ABOUT THIS TASK –
With the pictures left out, print exactly the lines below that run from the one containing "Une élève dans une salle de classe modulaire" through the one containing "MUITAS mulheres prestigiaram".

Stored records
--- START ---

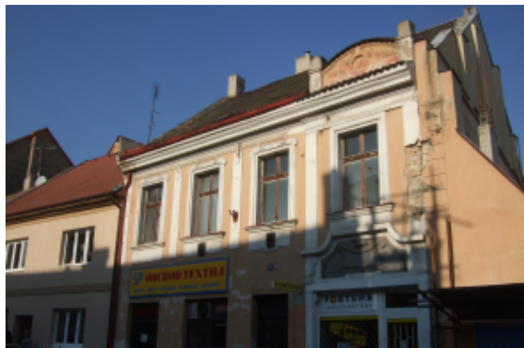
Dům Václava Štecha v ulici Třebízského
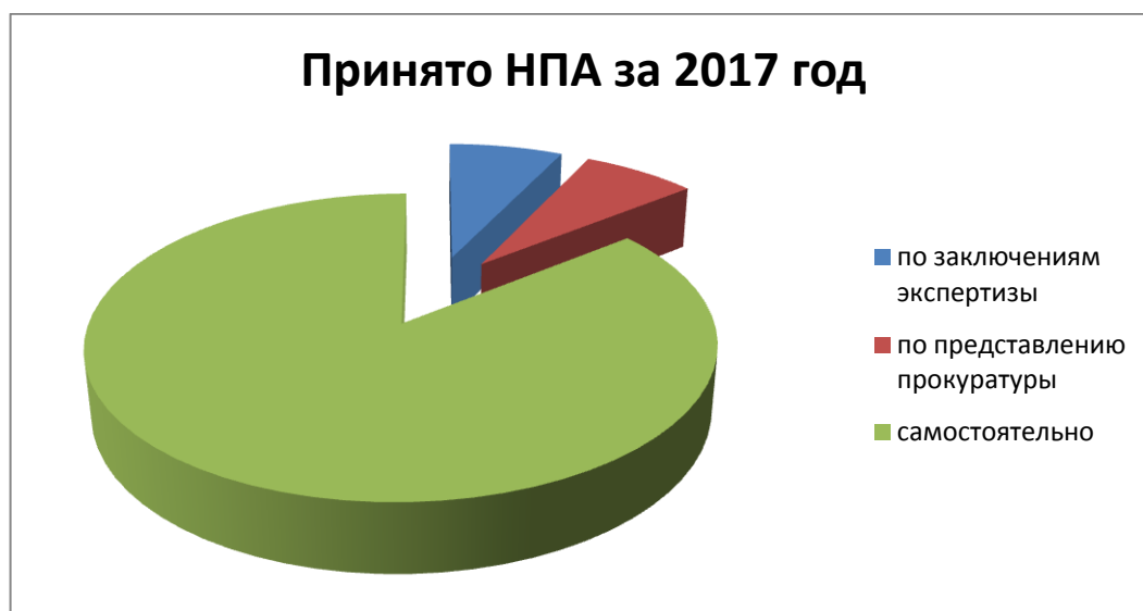
Диаграмма 1. Соотношение принятых НПА по результатам заключений экспертизы или представлений прокуратуры за 2017 год

В целях устранения недочетов, выявленных по результатам заключения экспертного управления Администрации Губернатора края, и приведения нормативно-правовых актов в соответствие с действующим законодательством в 2017 году принято 2 решения (7%), в 2018 году – 7 решений (27%); по результатам представлений и протестов прокуратуры Большеулуйского района в 2017 году – 2 решения (7%), в 2018 году – 6 решений (23%).
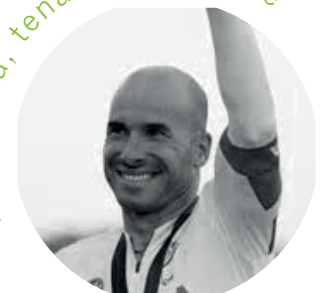
Vittorio Podestà Atleta e campione paralimpico di handbike

Gestione dell'incertezza e della volatilità, anttfragile
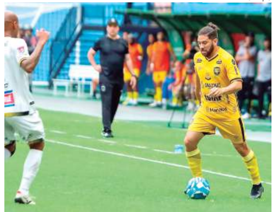
Amazonas venceu o Volta Redonda por 2 a 0 e está a uma vitória de ficar perto do líder

Volta Redonda x Amazonas Série C Data e horário: 23 de setembro de 2023, às 19h Local: Estádio Raulino de Oliveira, em Volta Redonda (RJ) Árbitro: Rafael Rodrigo Klein (RS) Assistentes: Jorge Eduardo Bernardi (RS) e Michel Stanislau (RS) VAR: Jose Cláudio Rocha Filho (Fifa/SP)
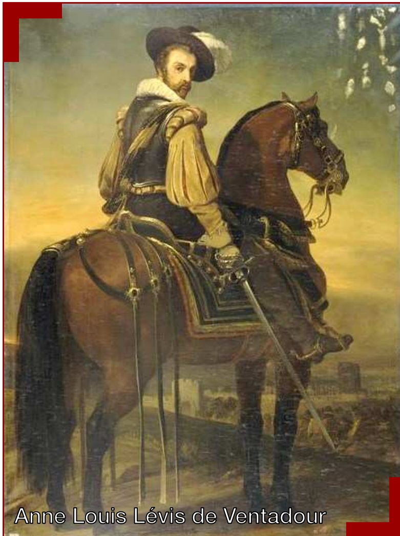
Anne Louis Lévis de Ventadour

Rustrel, où aucun des seigneurs précédents depuis les Agoult Simiane n'étaient jamais venus jusqu'alors.
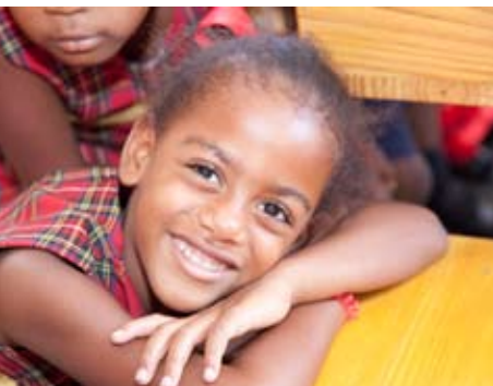
Une élève dans une salle de classe modulaire
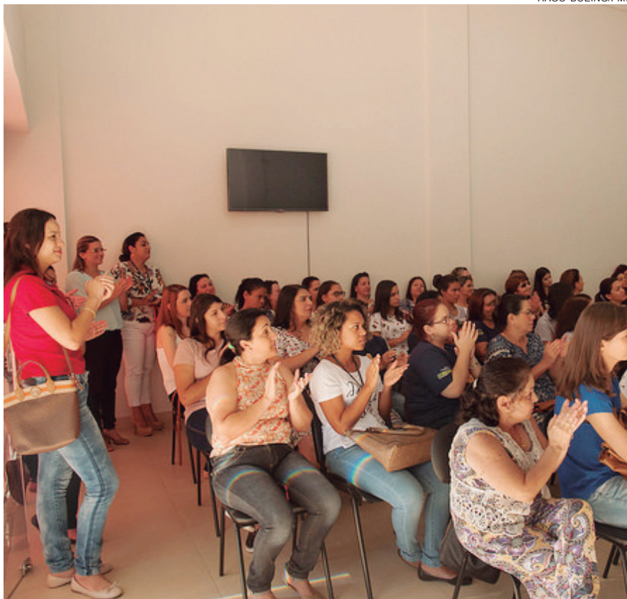
MUITAS mulheres prestigiaram o evento na Casa dos Conselhos

“O avanço da mulher na sociedade ocorre a duras penas. É resultado de muito esforço, muita luta. Hoje as mulheres são mães, esposas, trabalhadoras, profissionais respeitadas e ocupam cargos importantes de chefia e liderança, mas ainda lutamos contra o machismo e a violência neste mundo conservador”

--- END ---

ANSWER TO THE EXERCISE –
Une élève dans une salle de classe modulaire
MUITAS mulheres prestigiaram o evento na Casa dos Conselhos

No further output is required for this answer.